Should strength and conditioning be treated as a trade rather than an academic field?
Yes. The trade is learned on the floor, not in a lecture hall. A kid who wants to coach signs up for four years of exercise science coursework that mostly does not teach them how to write a program, then graduates with debt and chases an internship. Roughly 32,000 students come out of kinesiology programs every year for about 14,000 active coaching jobs in the country. The math does not work, and the kids who chose this path are the ones paying for it.
Why is apprenticeship a better word than internship for strength coaches?
An internship sounds like a brief stop on the way to a real career. An apprentice is already in the trade. They are learning the craft by doing the craft, with a tradesman correcting them, raising the standard, and signing off when the work is good enough. That is closer to what coaching actually is. Almost everything a coach learns comes from reps with athletes, mistakes, and conversations with people who have been doing the work longer.
What does "absorb, modify, apply" mean for coaches?
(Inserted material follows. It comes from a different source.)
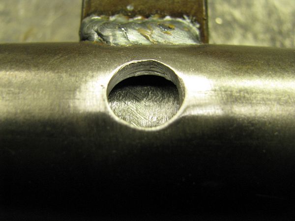 This is the hole that the epoxy is poured. You MUST use a viscous epoxy! After the epoxy is set you then drill through the inner tube.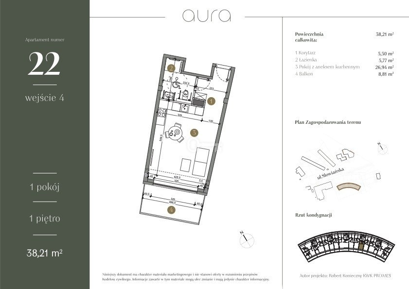Przedstawiamy Apartament nr 22 w prestiżowej inwestycji Aura przy ul. Słowiańskiej w Poznaniu – projekcie autorstwa Roberta Koniecznego (KWK Promes). To unikalne połączenie najwyższej klasy architektury, sztuki i ekologii. 1‑pokojowy apartament

The phrase comes from Joe Kenn and describes how coaches should integrate new ideas. Absorb means understanding what a system actually is before changing anything. Modify means adapting it for the athletes in front of you. Apply is the last step, not the first. The common failure mode is coaches jumping straight to apply. They read a few articles, throw out a system they have run for twenty years, and paste a new one on top with no interpretation and no principle behind it.
Why does lineage matter in strength and conditioning?
Lineage tells other coaches what you know, how you think, and what your defaults are. It is context, not a credential. In a jiu jitsu academy, the question of who you trained under gets asked on day one. Strength and conditioning should ask it more. When two coaches sit down and map their lineage, they are not strangers debating templates. They are coaches comparing how they each absorbed and modified the same source material.